Beginnen wir mit einem der berühmtesten Bilder von David Hockney „Portrait of an Artist“, 1972. Schon hier lehrt uns der Künstler, die Dinge anders zu sehen. Ein Titel, der scheinbar nicht zu dem Gezeigten passt, oder doch? Wir sind aufgefordert genauer zu prüfen, sorgfältig die Oberflächen mit den Augen abzutasten, um dabei zu erkennen, wie das Wasser mal durchscheinend ist für ein Darunter und mal eine Spiegelung für das Darüber.

Die Landschaft dahinter ist komponiert, mit einem altmeisterlichen Aufbau der Perspektive. Sofort denken wir, oder besser denkt Karen, an Caspar David Friedrich und den Wanderer über dem Nebelmeer, 1818. Ich notiere und staune. Wieder entwickeln sich faszinierende Bezüge innerhalb der Kunst.

Der geschrumpfte Salat ist gegessen, das Brot dazu schmeckte hervorragend. Das Gespräch nimmt an Fahrt auf, das nächste Bild von Hockney, „The Bigger Splash“ von 1967.

Wieder geht es um die Perspektive, den Raum, die Form und ihre Auflösung. Natürlich ist Hockney auch ein Geschichtenerzähler, ein Schelm, aber noch wichtiger ist es ihm, uns an die Hand zu nehmen und in seine Welt des Sehens zu entführen. Dafür malt er. Die sogenannte „Verabredung zum Objektiven Sehen“ löst er auf, denn es gibt sie nicht.

Keiner (!) sieht das Gleiche, selbst bei einem so stilisierten Bild wie diesem. (Insgeheim lobe ich mich für unser Tischarrangement, denn es passt so wunderbar alles zusammen, auch diese Ablenkung erweitert die Wahrnehmung … ).

Bauen wir uns mit Hockney eine Welt des Schönen!
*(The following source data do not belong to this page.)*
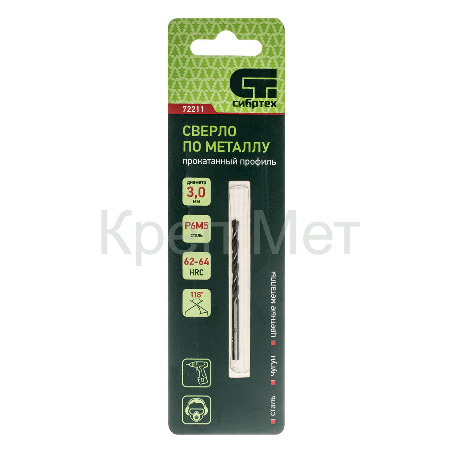Сверло по металлу Сибртех 72211 диаметром 3,0 мм, имеет угол заточки 118°, оптимальный для получения отверстий в черных и тяжелых металлах, в том числе стали, чугуне и твердой бронзе. Отличается наиболее выгодной стоимостью по сравнению с другими моделями из стали P6M5. Используется для выполнения монтажно-сборочных работ, будет полезно в быту.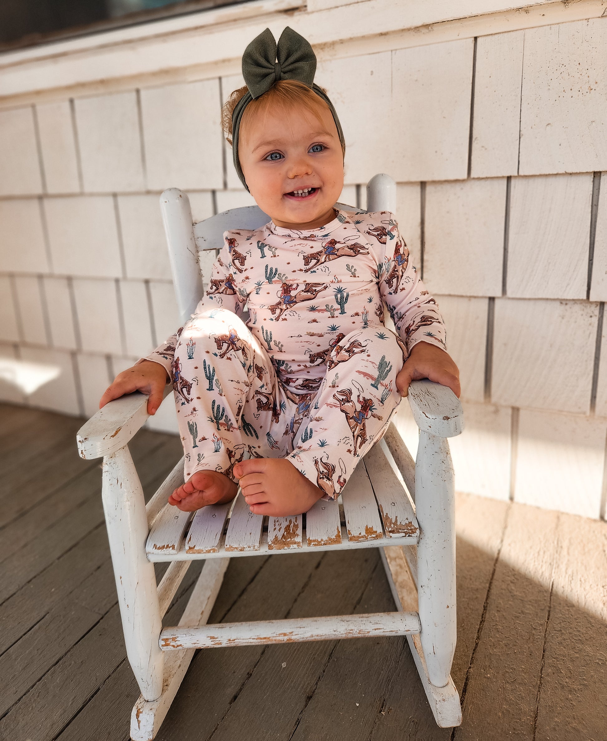 This ultra-soft girls pajama set combines a playful Western-themed print with the perfect balance of comfort and style. Crafted from a bamboo, cotton and spandex blend, these PJs are cozy, absorbent, hypoallergenic, and eco-friendly. The top features a classic round neck, while the bottoms are designed with a comfy elastic waistband.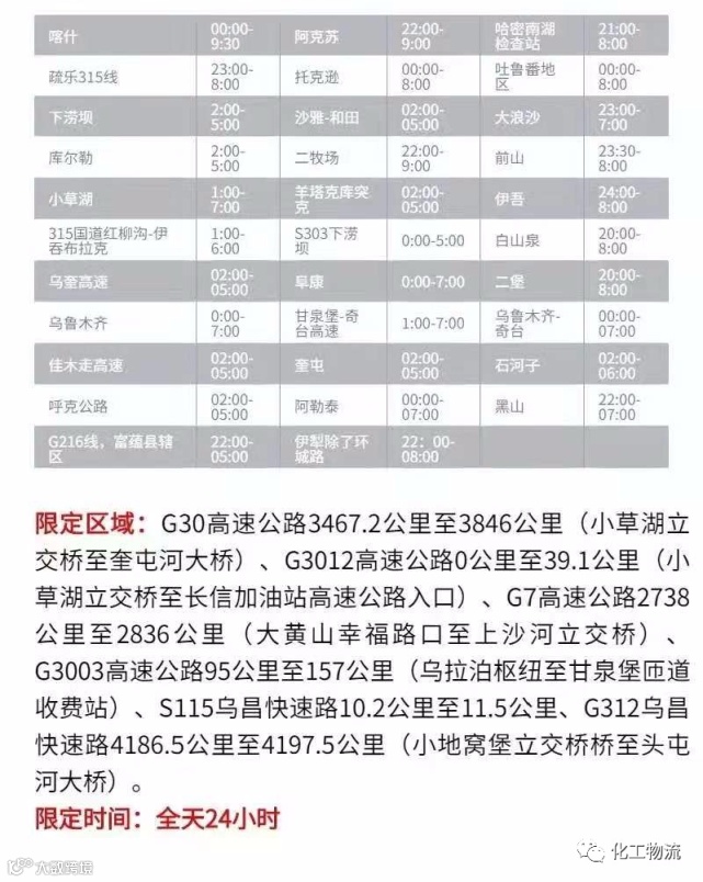 部分区域要对危化品运输车辆24小时限行,且限定在最右侧车道行驶。

Das verbindet Karen und mich, wir beide schweifen ab und lassen die Meister der Kunstgeschichte an uns vorbei laufen, van Gogh, Monet und seine Heuhaufen, der Anfang von so vielem, und natürlich Matisse: Luxe, calme et volupté. „Tja, das schafft er!“ So Karen, das Malen, um Freude zu erzeugen.

Und diese Freude hört nie auf. Der mittlerweile über achtzigjährige David Hockney beginnt unablässig von Neuem, indem er sich nun auf ein ganz junges Medium einlässt, das Malen auf dem I-Pad. Es entsteht eine Intensität, so unglaublich kreativ, dass es uns erneut den Blick auf die Welt zeigt, diesmal mit hochmodernen Mitteln. Das Sehen fängt von vorne an.
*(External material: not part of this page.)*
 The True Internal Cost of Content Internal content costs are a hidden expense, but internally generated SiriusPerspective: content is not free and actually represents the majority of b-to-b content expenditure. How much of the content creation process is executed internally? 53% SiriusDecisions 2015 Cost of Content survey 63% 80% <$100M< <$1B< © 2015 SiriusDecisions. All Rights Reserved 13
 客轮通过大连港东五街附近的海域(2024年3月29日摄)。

Beinahe täglich verschickt er an seine Freunde dieses Bild von dem Interieur mit Lampen und der Blumenvase links unten, in der sich jedes Mal eine weitere Blüte entfaltet. Ich halte den Atem, lege den Stift zur Seite, und schaue einfach nur, das Buch, mein Gegenüber, das geöffnete Fenster, ich sehe förmlich den Duft der Hyazinthen und den grünen Becher davor.

Und Karen auf der anderen Seite registriert meine bunte Blumen Hose von Marni und den grünen Pullover und entwickelt eine ganz neue Meisterschaft des fotografischen Sehens.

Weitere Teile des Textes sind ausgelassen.